--- DATA EXCERPTS ---
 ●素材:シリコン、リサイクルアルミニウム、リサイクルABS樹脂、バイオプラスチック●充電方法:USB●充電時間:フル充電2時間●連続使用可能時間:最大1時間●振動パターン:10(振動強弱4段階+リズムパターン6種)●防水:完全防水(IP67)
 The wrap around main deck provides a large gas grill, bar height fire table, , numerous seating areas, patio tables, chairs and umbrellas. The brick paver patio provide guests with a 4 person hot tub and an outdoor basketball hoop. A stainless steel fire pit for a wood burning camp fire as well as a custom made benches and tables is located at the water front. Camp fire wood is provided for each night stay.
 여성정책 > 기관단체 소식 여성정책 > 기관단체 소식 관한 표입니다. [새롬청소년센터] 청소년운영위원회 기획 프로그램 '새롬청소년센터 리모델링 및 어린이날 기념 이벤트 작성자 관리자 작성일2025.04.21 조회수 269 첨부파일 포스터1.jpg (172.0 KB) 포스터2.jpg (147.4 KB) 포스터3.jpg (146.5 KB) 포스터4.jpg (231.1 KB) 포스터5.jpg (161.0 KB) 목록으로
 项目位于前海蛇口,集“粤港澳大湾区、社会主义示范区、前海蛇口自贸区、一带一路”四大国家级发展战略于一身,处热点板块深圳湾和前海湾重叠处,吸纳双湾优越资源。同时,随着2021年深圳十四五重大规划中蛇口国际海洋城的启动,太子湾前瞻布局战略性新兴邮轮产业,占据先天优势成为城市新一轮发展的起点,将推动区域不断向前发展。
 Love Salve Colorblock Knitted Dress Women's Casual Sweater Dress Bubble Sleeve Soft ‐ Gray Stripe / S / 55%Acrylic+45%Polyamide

* * *

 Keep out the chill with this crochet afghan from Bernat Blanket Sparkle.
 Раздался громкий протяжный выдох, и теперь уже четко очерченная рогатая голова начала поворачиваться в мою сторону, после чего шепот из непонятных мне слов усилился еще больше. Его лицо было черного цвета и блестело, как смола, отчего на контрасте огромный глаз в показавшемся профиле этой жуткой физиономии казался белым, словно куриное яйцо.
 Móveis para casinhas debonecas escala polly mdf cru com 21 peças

--- WHAT TO WORK ON ---
All lines above from the one with "Раздался громкий протяжный" to the one with "Móveis para casinhas", inclusive, should be copied exactly, and no other lines.

--- YOUR RESPONSE ---
 Раздался громкий протяжный выдох, и теперь уже четко очерченная рогатая голова начала поворачиваться в мою сторону, после чего шепот из непонятных мне слов усилился еще больше. Его лицо было черного цвета и блестело, как смола, отчего на контрасте огромный глаз в показавшемся профиле этой жуткой физиономии казался белым, словно куриное яйцо.
 Móveis para casinhas debonecas escala polly mdf cru com 21 peças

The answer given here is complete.